*TASK GOAL:* Leave out every picture, and output exactly the lines from the line containing "(global trade analysis" through the last line of the data.
── GIVEN MATERIAL ──
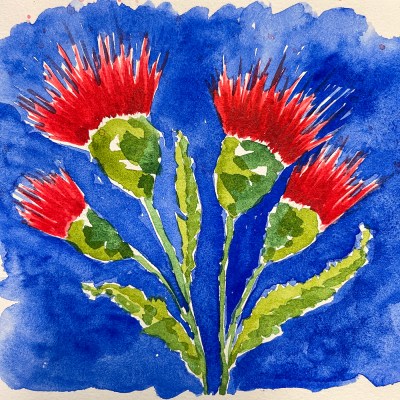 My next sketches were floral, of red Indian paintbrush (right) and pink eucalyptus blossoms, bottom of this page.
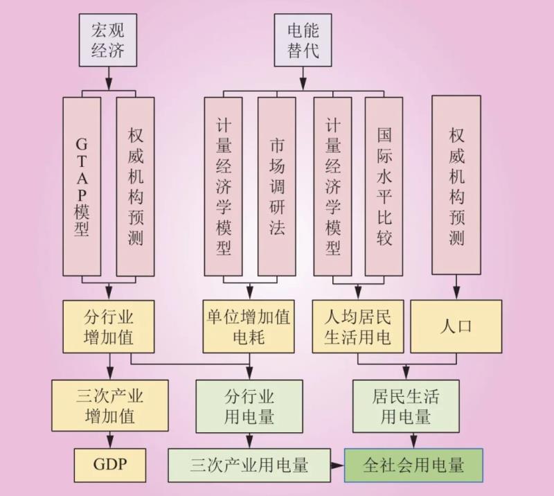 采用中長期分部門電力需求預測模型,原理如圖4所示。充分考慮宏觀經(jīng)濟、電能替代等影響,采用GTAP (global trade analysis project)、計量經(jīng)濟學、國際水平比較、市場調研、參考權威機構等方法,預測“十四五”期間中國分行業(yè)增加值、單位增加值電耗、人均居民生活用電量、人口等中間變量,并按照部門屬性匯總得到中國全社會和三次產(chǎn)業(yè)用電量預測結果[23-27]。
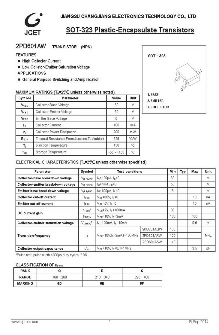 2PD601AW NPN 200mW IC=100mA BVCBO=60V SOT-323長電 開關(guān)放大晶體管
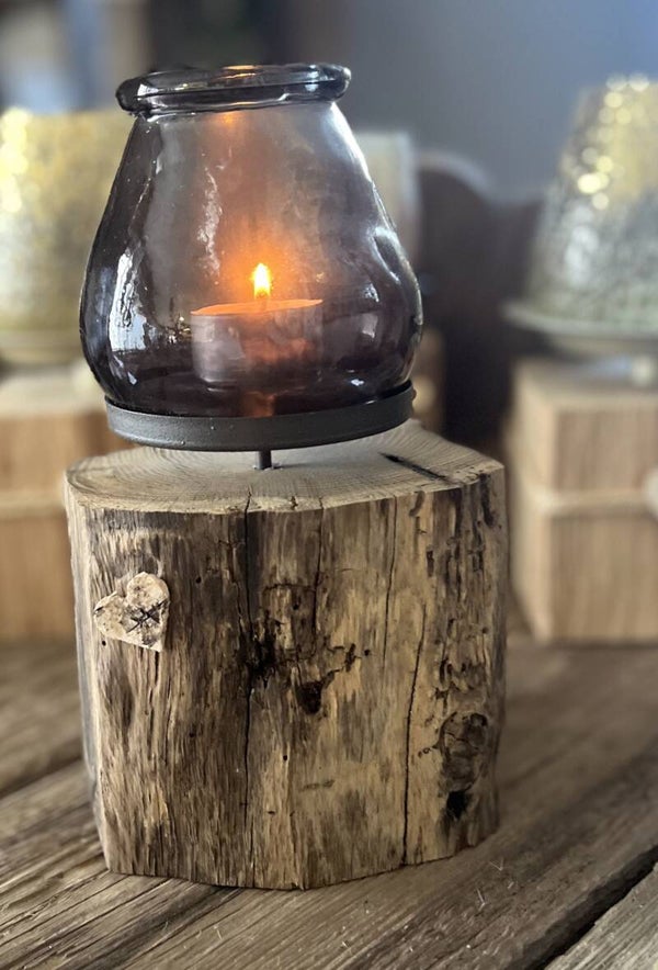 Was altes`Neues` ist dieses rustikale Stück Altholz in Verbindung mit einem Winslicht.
───
*ANSWER TO THE EXERCISE:*
 采用中長期分部門電力需求預測模型,原理如圖4所示。充分考慮宏觀經(jīng)濟、電能替代等影響,采用GTAP (global trade analysis project)、計量經(jīng)濟學、國際水平比較、市場調研、參考權威機構等方法,預測“十四五”期間中國分行業(yè)增加值、單位增加值電耗、人均居民生活用電量、人口等中間變量,并按照部門屬性匯總得到中國全社會和三次產(chǎn)業(yè)用電量預測結果[23-27]。
 2PD601AW NPN 200mW IC=100mA BVCBO=60V SOT-323長電 開關(guān)放大晶體管
 Was altes`Neues` ist dieses rustikale Stück Altholz in Verbindung mit einem Winslicht.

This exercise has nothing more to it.